While the company’s pistols have now evolved through 4 generations of pistols, they haven’t kept up with advances in human combat factors engineering, and their feature changes have primarily remained cosmetic. That trend appears to be continuing, as the company is rumored to be considering another skin-deep change, potentially offering the pistols in different colors:

On July 7 an American website, thefirearmblog.com, ran a picture of a “Tiffany blue” Glock under the headline: “Is Glock considering new colours?”

It reported that Glock had sent out a survey a few weeks earlier asking participants if they’d consider purchasing a Glock in different frame colours.

More, Glock asked customers: “If you were to purchase a pistol as a gift for a female family member or friend, which frame colour would you choose?”

Illustrated choices that followed were black, pink, purple, Tiffany blue, flat dark earth, desert sand, OD green, or sniper (that’s more like it) gray.

However, some Austrians aren’t so sure they want their most famous bit of military kit to go Barbie.

Austria’s Der Standard newspaper in particular is not happy with the prospect.

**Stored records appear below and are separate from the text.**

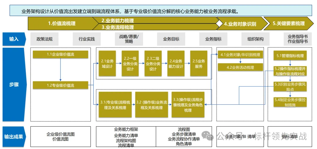 - 业务能力梳理:基于专业级价值流分解的核心业务能力被业务流程承载。
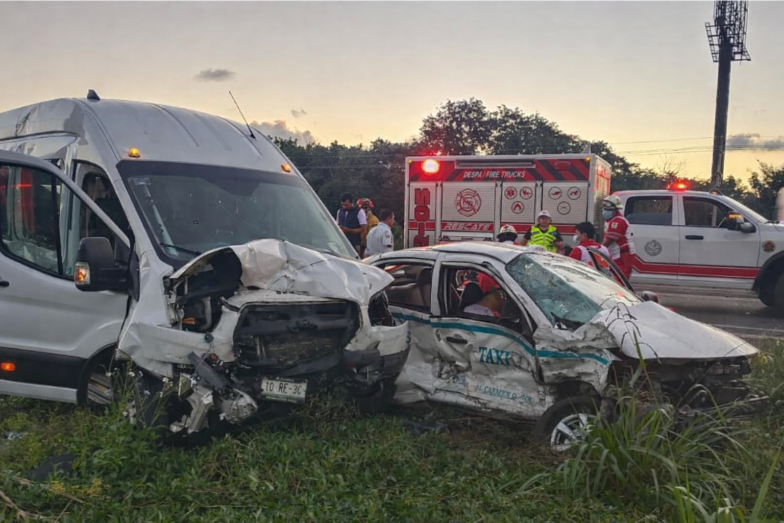 Un taxi y una van turística colisionaron de frente en la Playa del Carmen – Cancún; el accidente provocó cierre parcial de la vía.
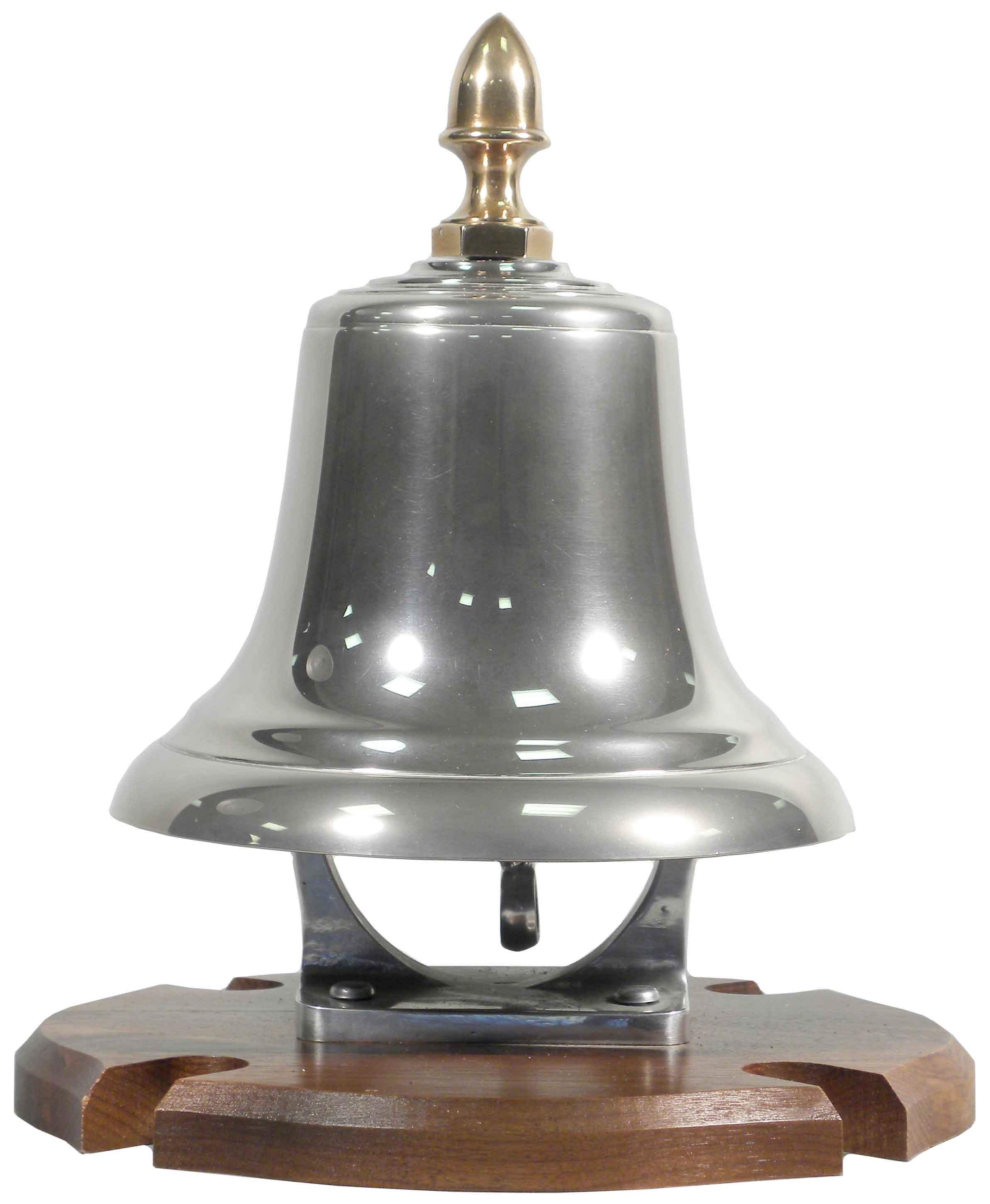 Fire Engine Bell with Nickel plated with brass finial. Mounted on walnut base. Excellent condition. Bell measures 7 1/2 inch diameter.

Next to a photograph of a Glock in a “proper” colour – braun-oliver, an army drab – the paper said that self-defence was a “valid purpose” for a firearm, but now Glock was offering a lifestyle object or fashion statement.
It questioned whether pink and purple pistols could be mistaken for toy guns. “Police officers are trained to make the distinction [between real firearms and toys] even in an emergency.” This would be “undermined by real guns in bright colours.”

Der Standard made an attempt to find out whether the survey was produced by Glock’s Austrian headquarters or by one of their international offices but was unsuccessful when Glock declined to make a statement.

Olive drab, flat dark earth, desert sand and “sniper” gray appear to be targeted towards those buyers interested in matching their Glock pistols to hunting and military kit typically offered in these colors, while the pink, purple, and Tiffany blue colors are thought to be an attempt to cater to the female market.

While there may be a market for firearms in these colors—Glock has offered the olive drab and flat dark earth frames as a factory option in the past—I suspect that the novelty colors won’t create a new market for the pistols, simply based upon the lack of significant market reach for other guns “targeted towards women” by offering no more than a color.

Crafting a firearm in “patronizing pink” may result in a few sales, but it would be far wiser to build a firearm with the grip and controls designed for the hands of the 5th-to-95th percentile of users, which requires reduced strength to cycle the slide, and which is optimized with a low-bore axis to reduce felt recoil (while still using effective self-defense calibers, preferably with the 9mm as the minimum).

Of course, I could be wrong. Do you think something as simple as a color change might be enough to significant boost sales for Glock?